The Christian Science Monitor reports on the ongoing NPC meetings in Beijing:
This year Wen’s take-home message was that the government would step up the fight against corruption, a tacit acknowledgment that the widespread problem has a direct bearing on the Communist Party’s grip on power. Wen also said transparency should empower the people and the media to oversee the government.
Yet for the roughly 500 reporters representing overseas news organizations in Beijing, it’s not the words of the premier that matter so much, but the words of the low-level politicians from across China gathered in the capital for the next two weeks. “What we can get out of the NPC is listening,” Erling says.
A few years ago, for the first time, the foreign press were invited into panel discussions that sometimes hint at what’s to come. In 2007, for instance, one such panel introduced Xi Jinping. Then a part of the Shanghai delegation, Mr. Xi now is widely expected to be named president in 2012.

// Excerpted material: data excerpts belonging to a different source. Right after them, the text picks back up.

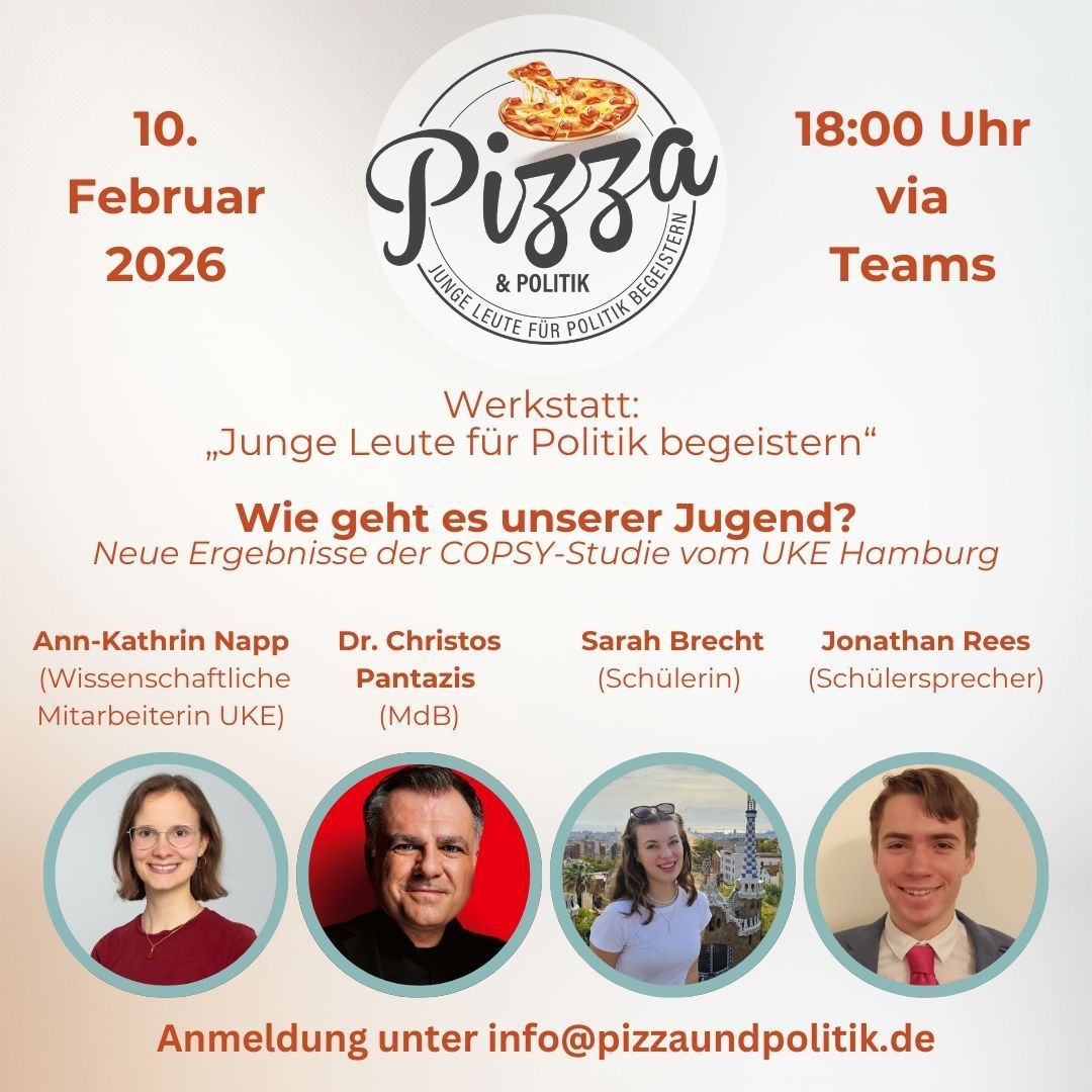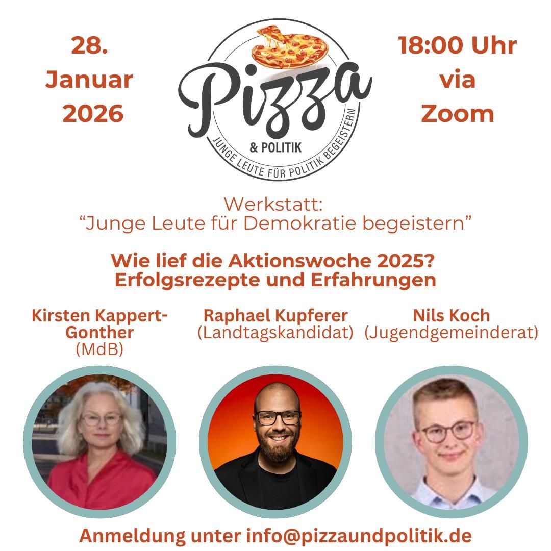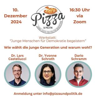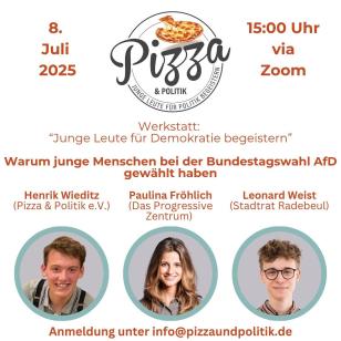 Pizza & Politik e.V. soll sich zu einer Denk- und Umsetzungswerkstatt für politische Jugendbeteiligung entwickeln. In der digitalen Werkstatt “Junge Leute für Politik begeistern” kommen Expertinnen und Experten aus Wissenschaft und Praxis zu Wort. Das Besondere auch hier: Wir sprechen nicht über junge Menschen, sondern mit jungen Menschen. Nach den jeweiligen Experten kommt immer ein/e Vertreter/in der jungen Generation als erstes zu Wort. Alle, die Pizza & Politik schon einmal veranstaltet haben, nominieren zwei junge Menschen, die daran teilgenommen haben. Diese werden dann zur digitalen Werkstatt eingeladen. Die Einladung geht außerdem an unsere Mitglieder, alle ExpertInnen, mit denen wir bereits vernetzt sind. Gemeinsam wollen wir unsere Angebote immer weiter verbessern.
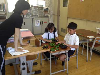 おたのしみの時間が少なくなったのですが、3時間目に、みんなで世話をし、収穫したなすびとピーマンをなかよく分け合いました。
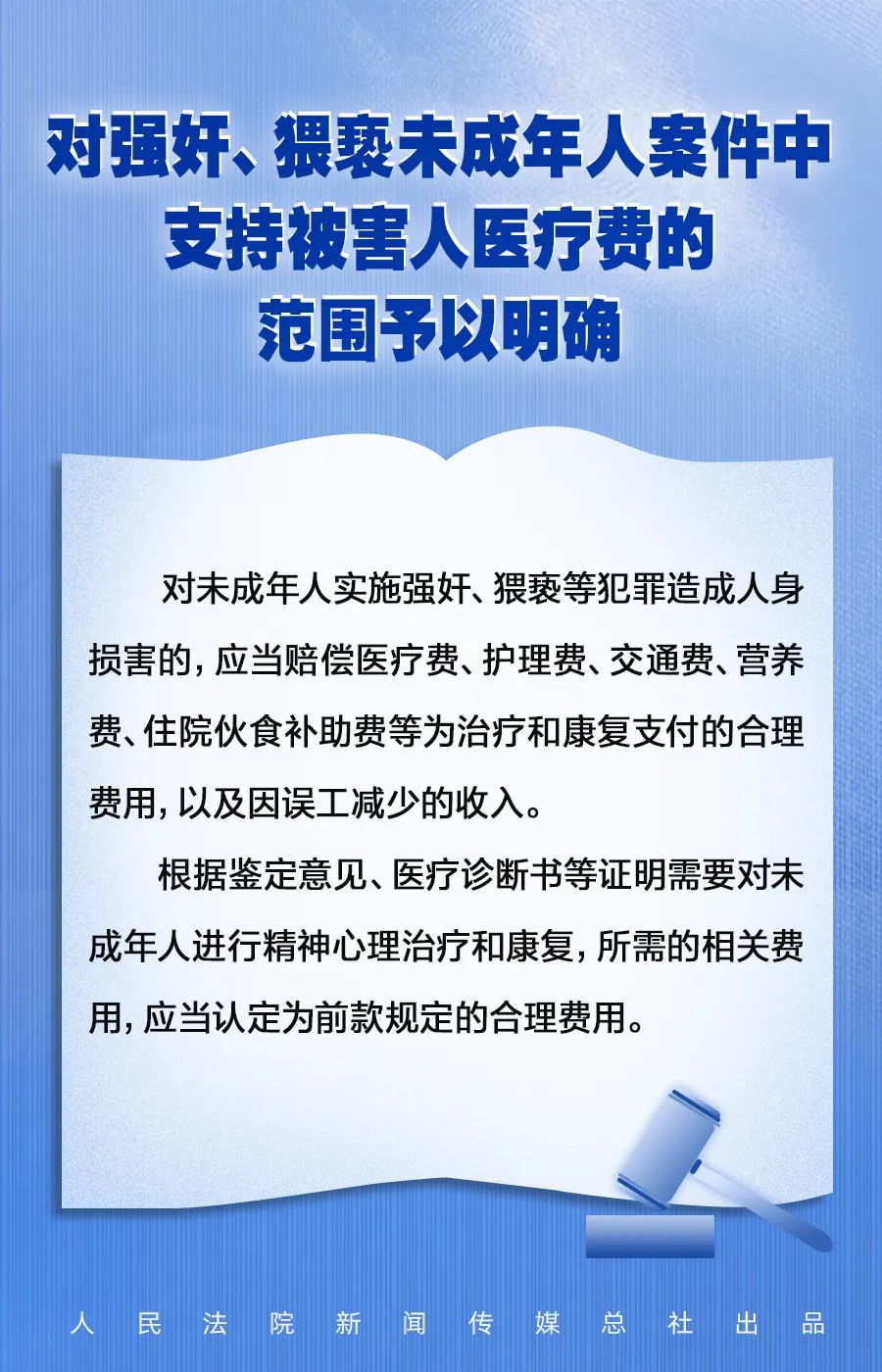 第十四條 對(duì)未成年人實(shí)施強(qiáng)奸、猥褻等犯罪造成人身?yè)p害的,應(yīng)當(dāng)賠償醫(yī)療費(fèi)、護(hù)理費(fèi)、交通費(fèi)、營(yíng)養(yǎng)費(fèi)、住院伙食補(bǔ)助費(fèi)等為治療和康復(fù)支付的合理費(fèi)用,以及因誤工減少的收入。
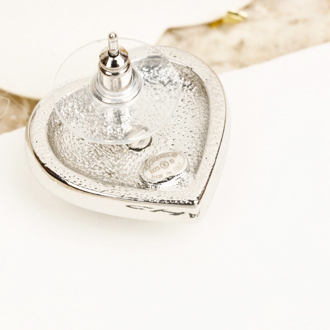 HEART CC DIAMONDS AROUND STUD SILVER EARRINGS
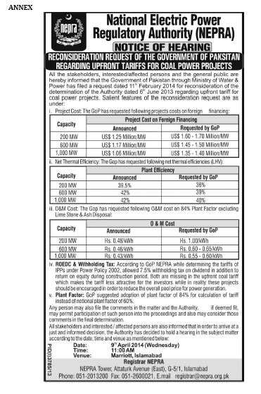 However, in June 2013, NEPRA revised the upfront tariff for coal-based power plants and unveiled the new revised tariff for imported and local coal.13

Veterans say they watch for high numbers of symbolic “no” votes in what’s understood to be the predetermined election of delegates. Reporters also are on the lookout for the occasional real surprise in what legitimately is dubbed a rubber stamp parliament for its predictability. There was 1998, for instance, when Qiao Shi, then chairman of the standing committee of the NPC, was ousted in an unexpected twist to an otherwise expected government shakeup.